* Assignment *
What is needed is every line from the one holding "Notas del Vendedor:Base" to the last line of the data below, printed exactly and without pictures.

* Given information *
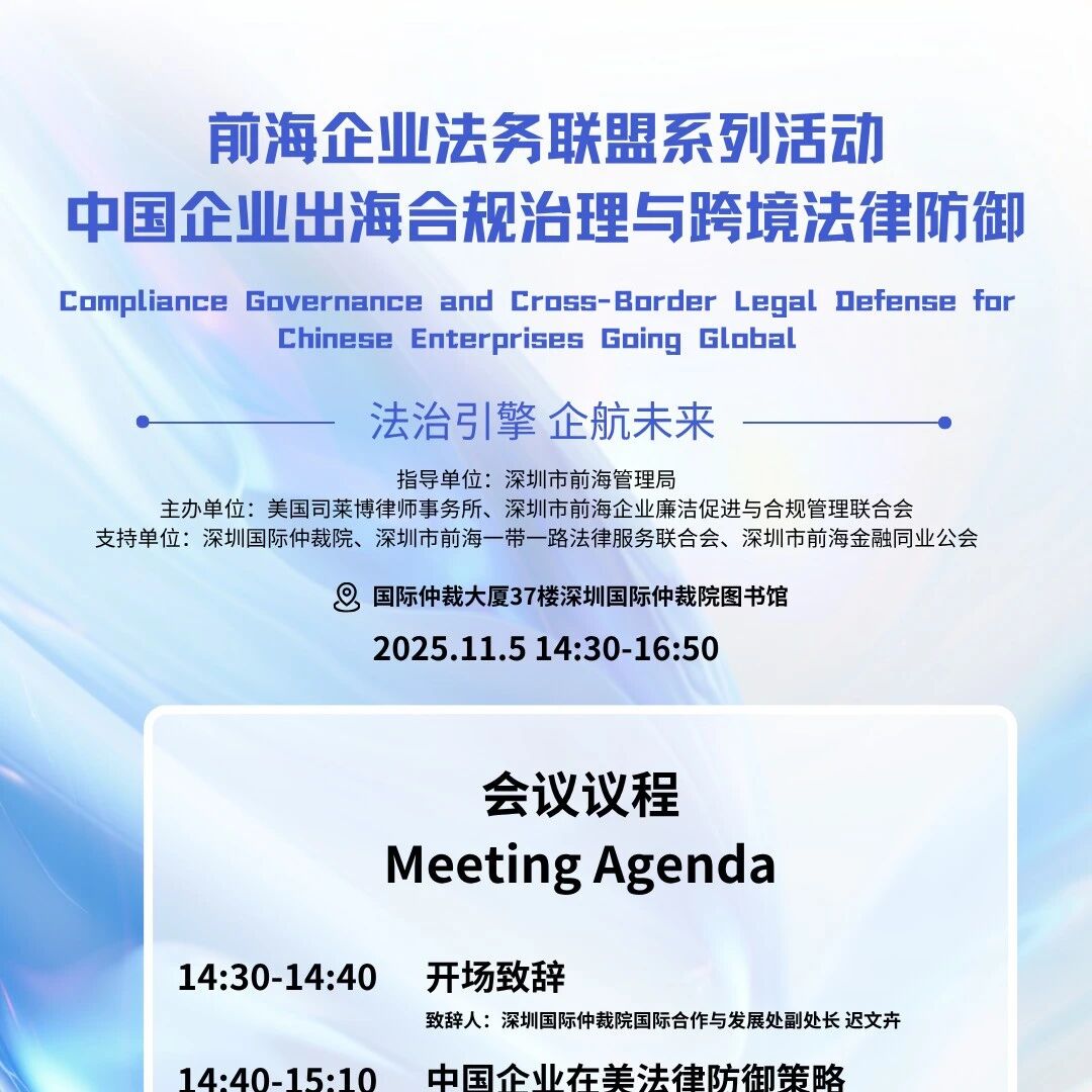 活动邀请 | 中国企业出海合规治理与跨境法律防御
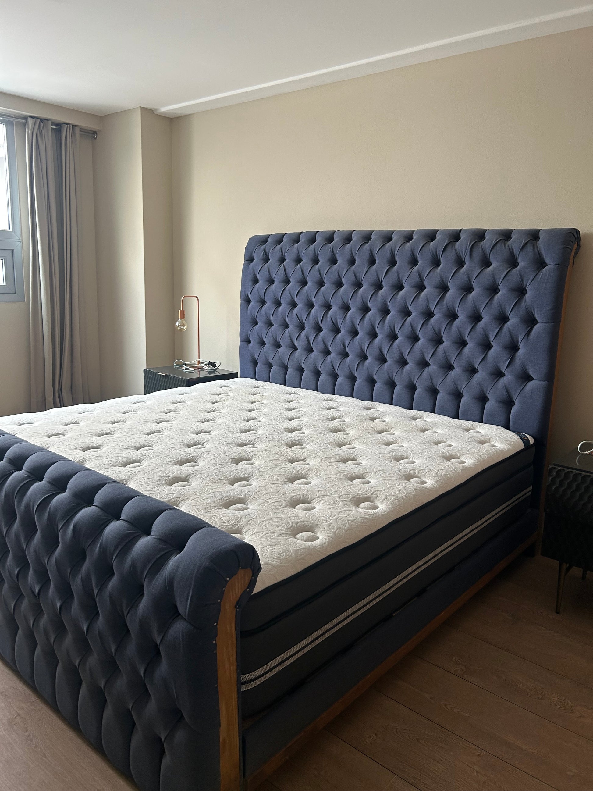 Notas del Vendedor:Base cama tamaño king (sin colchón), con cabecera y piecera capitonadas en tela azul marino y estructura de madera.
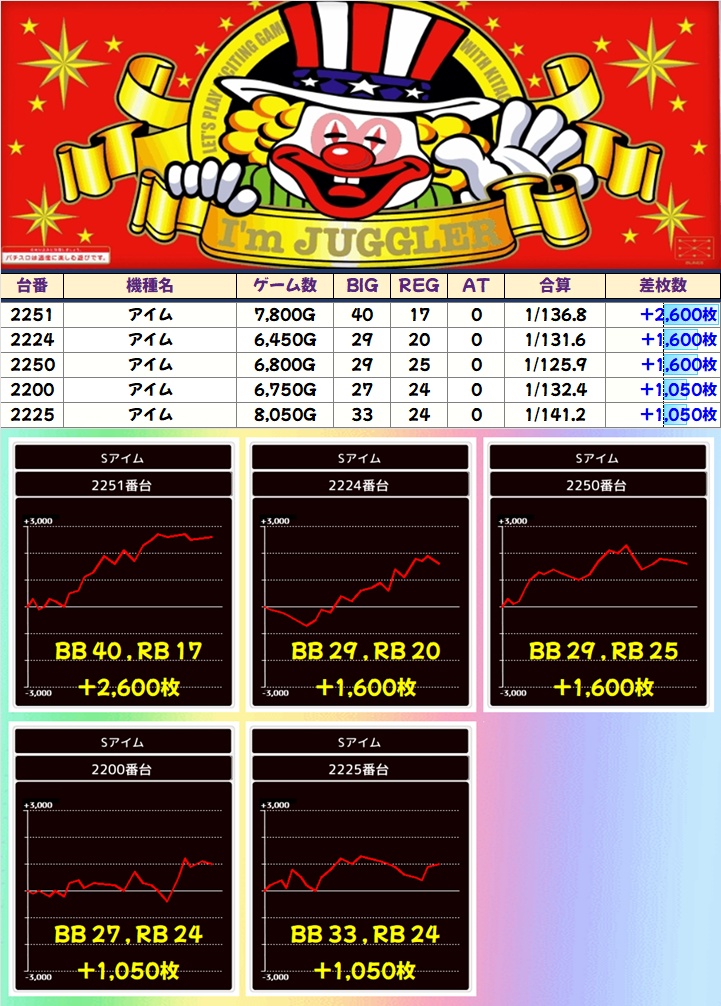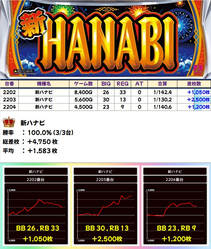 両機種とも全台プラスは当たり前、「ジャグラーガールズ」には+3000枚クラスが2台、「新ハナビ」は全台+1000枚以上と安定の好結果に!

* Task output *
 Notas del Vendedor:Base cama tamaño king (sin colchón), con cabecera y piecera capitonadas en tela azul marino y estructura de madera.
 両機種とも全台プラスは当たり前、「ジャグラーガールズ」には+3000枚クラスが2台、「新ハナビ」は全台+1000枚以上と安定の好結果に!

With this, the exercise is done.